■ SOURCE MATERIAL ■
□ □ □ □
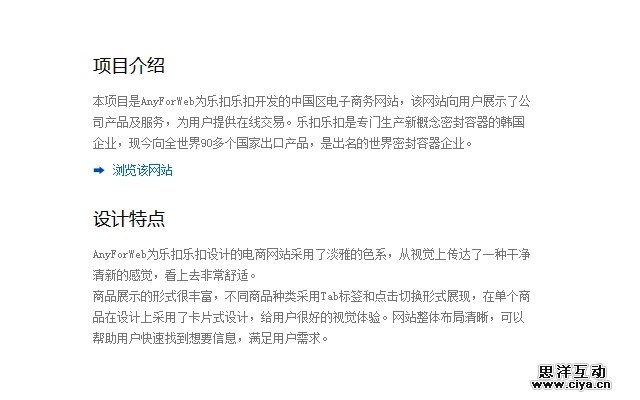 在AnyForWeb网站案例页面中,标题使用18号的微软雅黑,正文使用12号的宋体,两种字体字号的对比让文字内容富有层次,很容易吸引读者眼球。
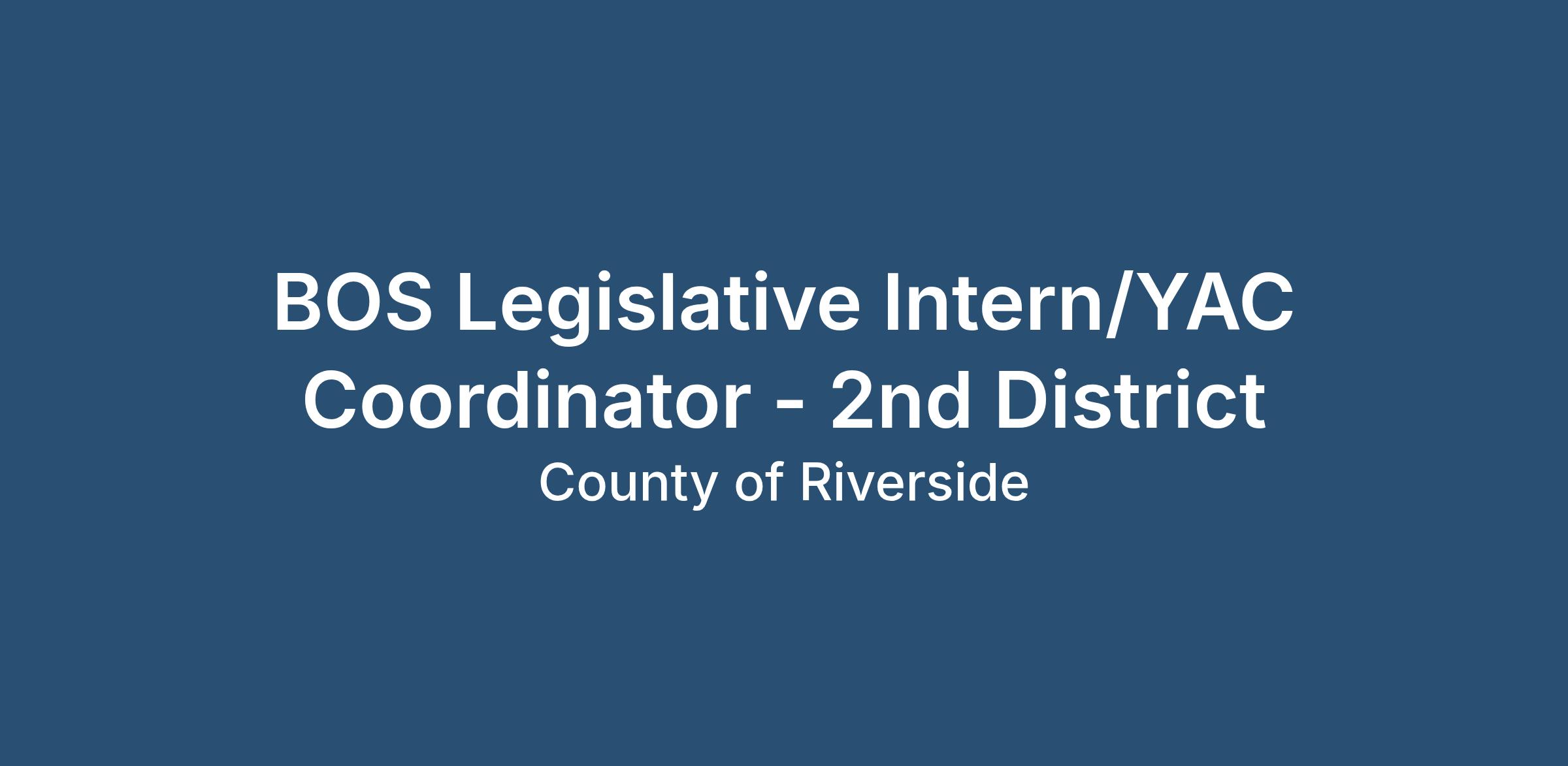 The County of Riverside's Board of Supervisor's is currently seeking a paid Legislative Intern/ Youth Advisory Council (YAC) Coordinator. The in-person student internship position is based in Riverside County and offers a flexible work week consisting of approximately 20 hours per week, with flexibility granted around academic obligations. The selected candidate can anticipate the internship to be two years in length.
□ □ □ □
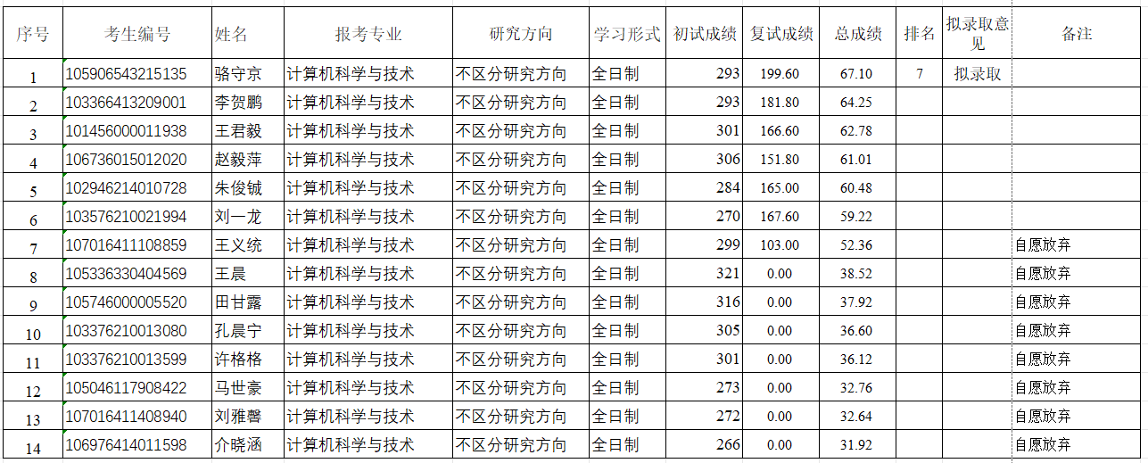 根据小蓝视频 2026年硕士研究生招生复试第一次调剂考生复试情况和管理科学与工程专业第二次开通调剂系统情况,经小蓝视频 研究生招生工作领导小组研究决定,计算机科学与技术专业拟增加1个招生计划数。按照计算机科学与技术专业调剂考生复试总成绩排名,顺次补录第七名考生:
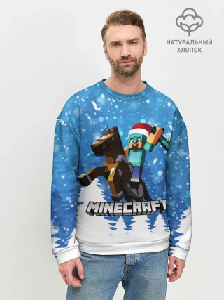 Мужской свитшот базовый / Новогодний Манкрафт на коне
□ □ □ □
■ PROBLEM TO WORK ON ■
Pictures aside, return exactly the lines from the data above, starting at the line that has "在AnyForWeb网站案例" and ending at the line that has "The County of", both included.

■ RESPONSE AREA ■
 在AnyForWeb网站案例页面中,标题使用18号的微软雅黑,正文使用12号的宋体,两种字体字号的对比让文字内容富有层次,很容易吸引读者眼球。
 The County of Riverside's Board of Supervisor's is currently seeking a paid Legislative Intern/ Youth Advisory Council (YAC) Coordinator. The in-person student internship position is based in Riverside County and offers a flexible work week consisting of approximately 20 hours per week, with flexibility granted around academic obligations. The selected candidate can anticipate the internship to be two years in length.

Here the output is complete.